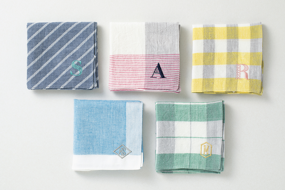 ご購入いただいたハンカチに、イニシャルや平仮名での名入れの他、ワンポイントの図柄を刺繍することができます。
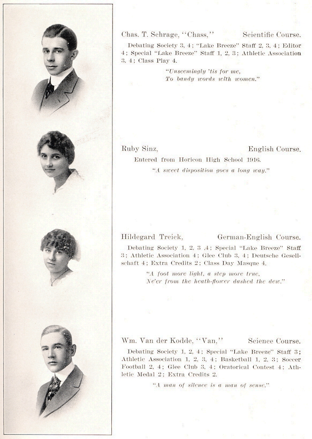 1916 Sheboygan High School, Page 23: Chas. T. Schrage, Ruby Sinz, Hildegard Treick, Wm. Van der Kodde.
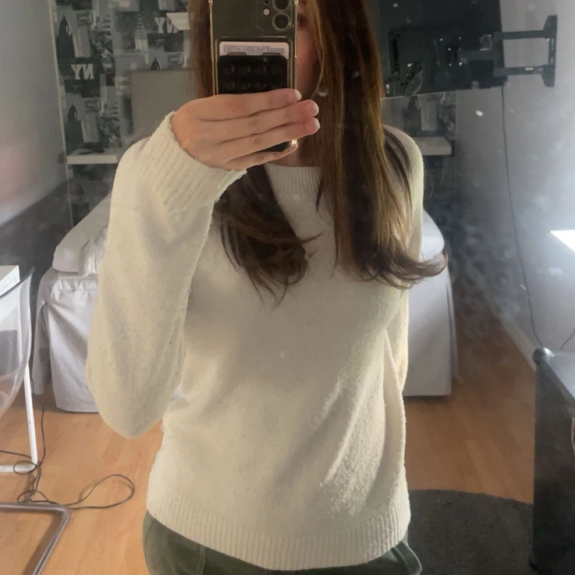 Säljer en enkel och fräsch vit stickad tröja med rund hals och långa ärmar. Tröjan har ribbade muddar vid ärmslut och nederkant, vilket ger en snygg och clean look. Perfekt att matcha med jeans eller cargo pants för en chill stil. Säljer för den inte kommer till användning
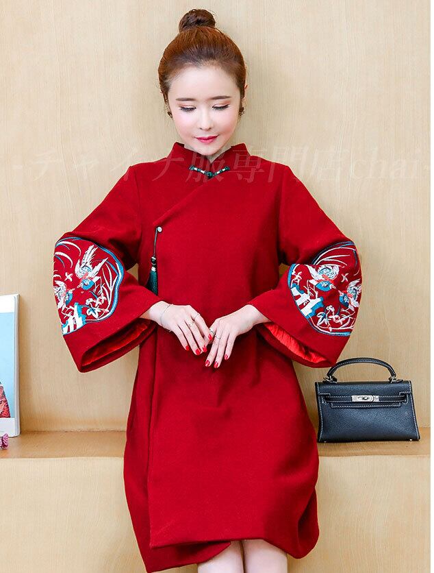 チャイナ服 アウター 刺繍 コート トップス 九分袖 普段着 羽織 チャイナ 民族衣装 zo126
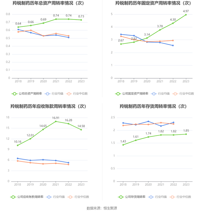 营运能力方面,2023年,公司公司总资产周转率为0.73次,上年同期为0.74次(2022年行业平均值为0.51次,公司位居同行业14/74);固定资产周转率为4.97次,上年同期为4.30次(2022年行业平均值为2.56次,公司位居同行业15/74);公司应收账款周转率、存货周转率分别为14.58次、1.85次。
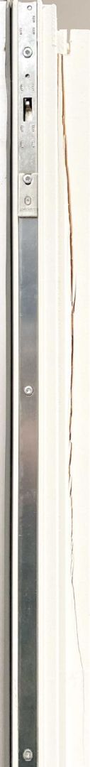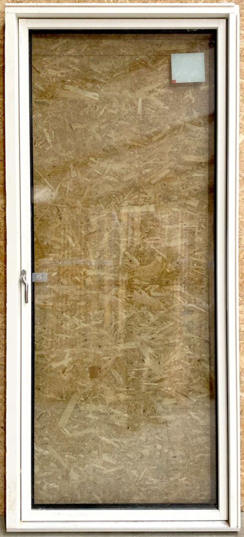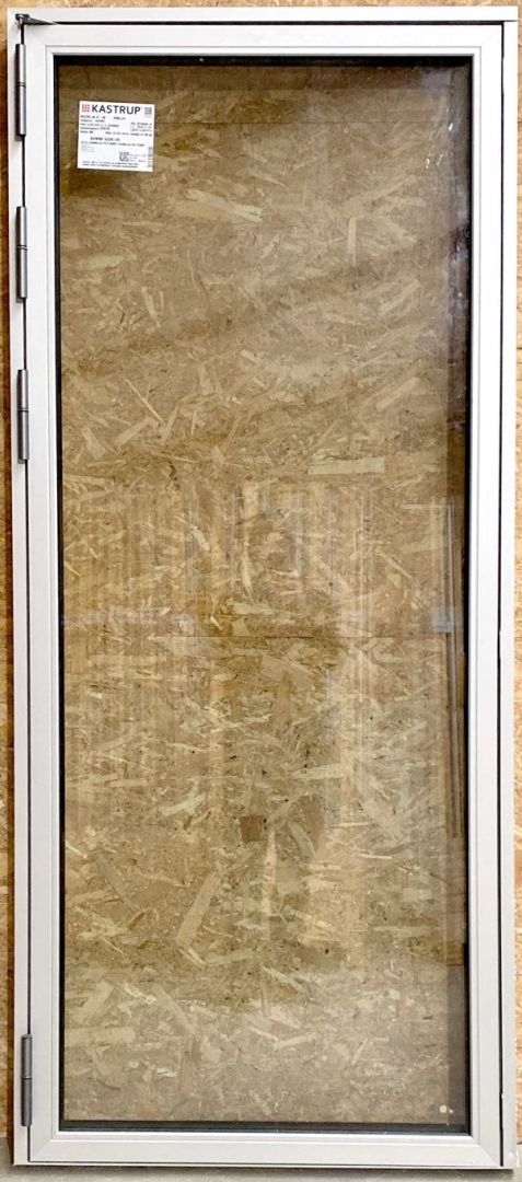 Terrassedør i træ/alu med 3lags lavenergiglas, venstre udadgående. Det er en skade på døren, se billede, kan repareres af køber
◆ ◆ ◆
Description of the task » Write the material out again exactly. Skip each picture.

Reply »
 ご購入いただいたハンカチに、イニシャルや平仮名での名入れの他、ワンポイントの図柄を刺繍することができます。
 1916 Sheboygan High School, Page 23: Chas. T. Schrage, Ruby Sinz, Hildegard Treick, Wm. Van der Kodde.
 Säljer en enkel och fräsch vit stickad tröja med rund hals och långa ärmar. Tröjan har ribbade muddar vid ärmslut och nederkant, vilket ger en snygg och clean look. Perfekt att matcha med jeans eller cargo pants för en chill stil. Säljer för den inte kommer till användning
 チャイナ服 アウター 刺繍 コート トップス 九分袖 普段着 羽織 チャイナ 民族衣装 zo126
 营运能力方面,2023年,公司公司总资产周转率为0.73次,上年同期为0.74次(2022年行业平均值为0.51次,公司位居同行业14/74);固定资产周转率为4.97次,上年同期为4.30次(2022年行业平均值为2.56次,公司位居同行业15/74);公司应收账款周转率、存货周转率分别为14.58次、1.85次。
 Terrassedør i træ/alu med 3lags lavenergiglas, venstre udadgående. Det er en skade på døren, se billede, kan repareres af køber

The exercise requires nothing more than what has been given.